US Helicopter Missing After Nepal Earthquake: Still No Trace
"Where they went down, whether it got damaged," may explain no signal: official.
-- The search continues for a United States Marine helicopter in rural Nepal that went missing just hours after Tuesday’s massive, 7.3-magnitude earthquake.
The head of the U.S. military’s joint task force in Nepal said the biggest challenge is the mountainous terrain where the UH-1 Huey may have touched down.
“It’s just a matter of receiving the signal,” said Maj. Gen. John Wissler. "Where they went down, whether it got damaged during the set-down process ... there are a number of reasons why those beacons and so forth would not operate.”
U.S. Marine and Air Force search teams were joined by ground troops from the Nepalese military.
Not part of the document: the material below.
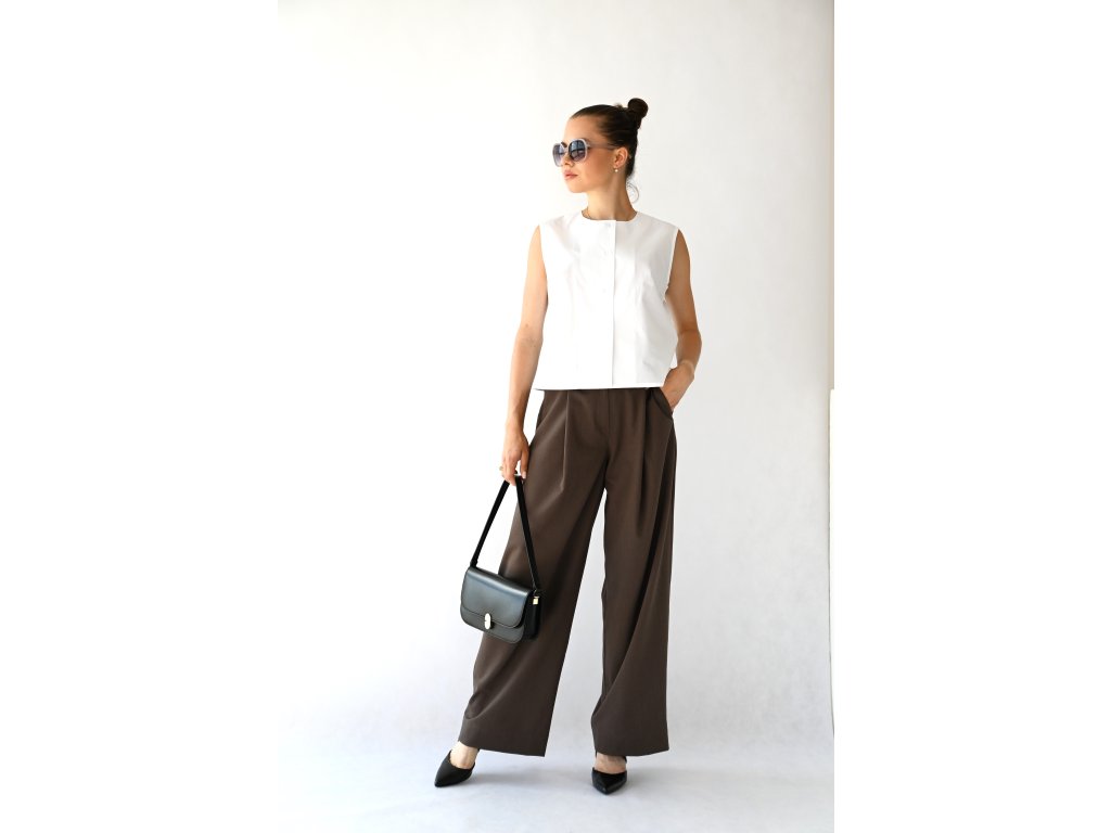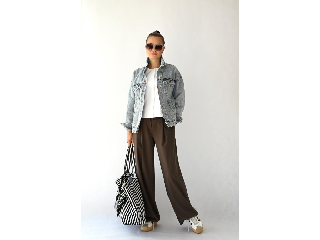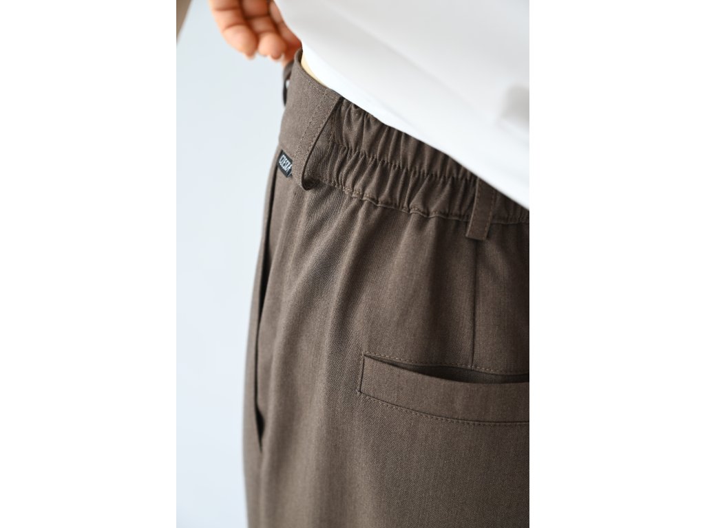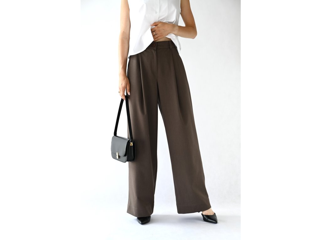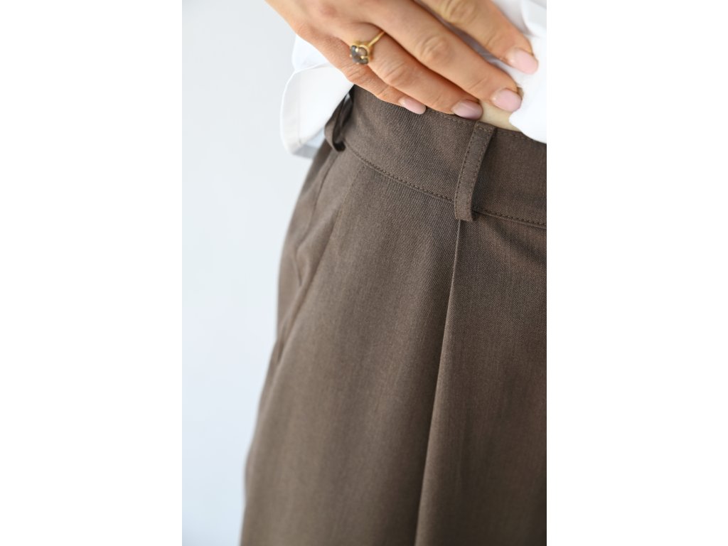 Kalhoty Heather mají volný, lehce bokový klasický střih se sníženým sedem. Střih je volný. Zapínání je na zip a knoflík. Sklady na předním díle. Kapsy na předním díle a na zadním vymazlené výpustkové. Do pásku na zadním díle je všitá široká guma, kalhoty tak pohodlně sednou v pase. Materiál ze kterého jsou kalhoty ušity je velmi kvalitní oblekový materiál. Díky složení látky se kalhoty nemačkají a opravdu krásně se nesou.

The search ended Wednesday night because of darkness and will resume at first light on Thursday.
The helicopter was carrying six U.S. Marines and two Nepalese service members, and had been delivering humanitarian aid in Charikot, an area 50 miles east of Nepal's capital of Kathmandu, close to the epicenter of Tuesday's large earthquake.
Wissler insisted the search for the missing helicopter is not detracting from the ongoing mission to help people affected by Tuesday’s earthquake.
He said he is not concerned that the U.S. military helicopter may be close to the Chinese border.
Many countries, including China, have been cooperating in the relief efforts.
“Our sector is to the east of Kathmandu and extends up north, where the rescue and relief efforts are being coordinated by the Chinese,” Wissler said.
At Kathmandu’s international airport, U.S. helicopters like the one that went missing continued shuttling patients from hard-hit rural areas.
Forty-four people were airlifted Tuesday, and 15 others have been flown from the mountainous regions to the airport for immediate medical care, Air Force Col. Lee Anderson said.
Anderson added that many of those patients suffered from a number of injuries.
“Mostly crush injures, broken bones, banged up, head injuries, lacerations,” Anderson said.
ABC News' Luis Martinez contributed to this report.